1. 31
  1. 6

    this looks cool, and kudos for using LMDB. The 35MB binary size leapt out at me, though — what contributes to that? (LMDB itself is only ~100KB.) Lots of stemming tables and stop-word lists?

    1. 4

      Rust isn’t entirely svelte either. It doesn’t take too many transitive dependencies before you’re at 10MB.

      1. 3

        How do you call yourself minimalist when you’re pulling in that many dependencies?

        1. 11

          To be clear, I’m not the author. But if I were, this would come off more as a personal dig than a real question. Be kind. :)

          1. -1

            Holy passive aggressiveness, batman :)
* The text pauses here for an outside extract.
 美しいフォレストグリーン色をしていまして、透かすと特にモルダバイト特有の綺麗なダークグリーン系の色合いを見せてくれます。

            Remind me to avoid rhetorical questions in the future.

          2. 7

            It depends what you compare it to. An Elasticsearch x86-64 gzipped tarball is at > 340MB https://www.elastic.co/downloads/elasticsearch

        2. 4

          If anyone wants to figures this out, two tools to use are:

          I am 0.3 certain that at least one significant component is serialization code: rust serialization is fast, but is rumored to inflate binaries quite a bit. I haven’t measured that directly, but I did observe compile time hits due to serialization.

          1. 3

            My guess is assets for the web UI are packed into the binary

          2. 5

            Tantivy, which is also written in Rust and sits on top of Lucene

            It’s inspired by it, sitting on top of it would be tricky given Lucene is a Java library.

            1. 2

              Thanks. I cleared that up.

            2. 4

              Another Rusty alternative is Sonic: https://github.com/valeriansaliou/sonic

              1. 4

                It’s cool, but contrary to TypeSense, doesn’t support HA, although it’s high on the “under consideration” list.
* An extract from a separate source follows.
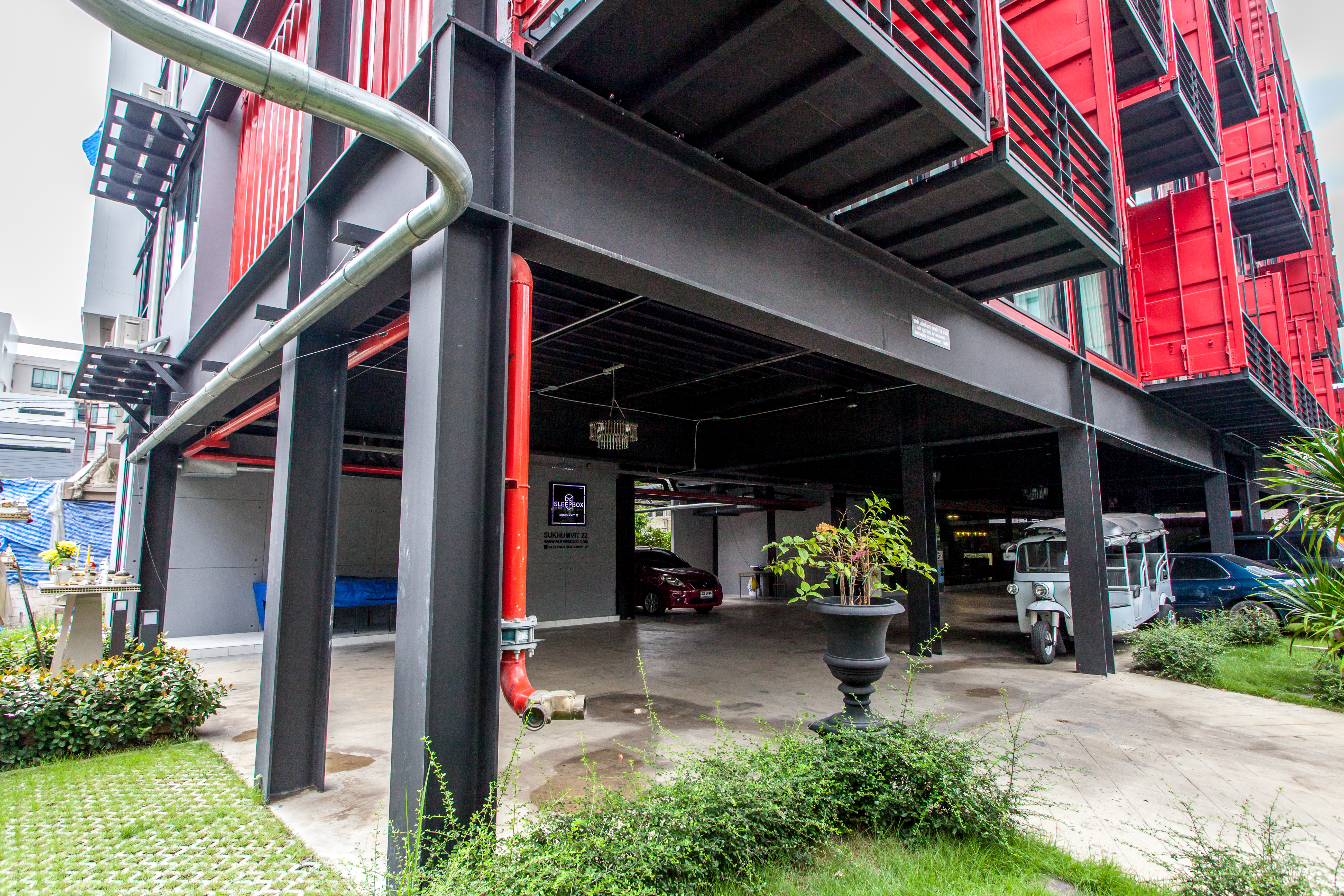 เมื่อเลือกก่อสร้างลงบนที่ดินย่านธุรกิจราคาแพง จึงต้องออกแบบอาคารทางตั้งเพื่อสร้างจำนวนห้องให้คุ้มค่าและเหมาะสม ส่วนโครงสร้างหลักของอาคารเลือกใช้เหล็กรูปพรรณรีดร้อนเพื่อรับน้ำหนักการซ้อนชั้นของตัวตู้และองค์ประกอบอื่นๆไว้ทั้งหมด โดยมีโครงสร้างบางส่วนที่เป็นการก่ออิฐฉาบปูนแบบเดิม เพื่อความเหมาะสมในการก่อสร้างและใช้งาน โดยสามารถยกตู้ประกอบเข้าแต่ละชั้นได้ง่าย แถมช่วยประหยัดเวลาการก่อสร้าง บวกกับงานก่อสร้างก่ออิฐฉาบปูนและผนังกระจก เพื่อช่วยสร้างช่องแสงและความโปร่งตามสไตล์แบบ Industrial Loft

                The Rust SDK is also a bit surprising. For instance, the fn to add documents to the index, add_documents() is async and therefore “returns” a future, but the future is itself a data structure representing “progress”, which seems redundant and error-prone. So in order to wait for completion of add_documents(), a wait_for_pending_update() (which has some arbitrary defaults, BTW) loop is needed instead of simply doing add_documents(...).await?.

                I also don’t see any support of atomic transactions in contrast to e.g. Tantivy.

                1. 1

                  Seems very interesting. I wonder how it compares to Xapian.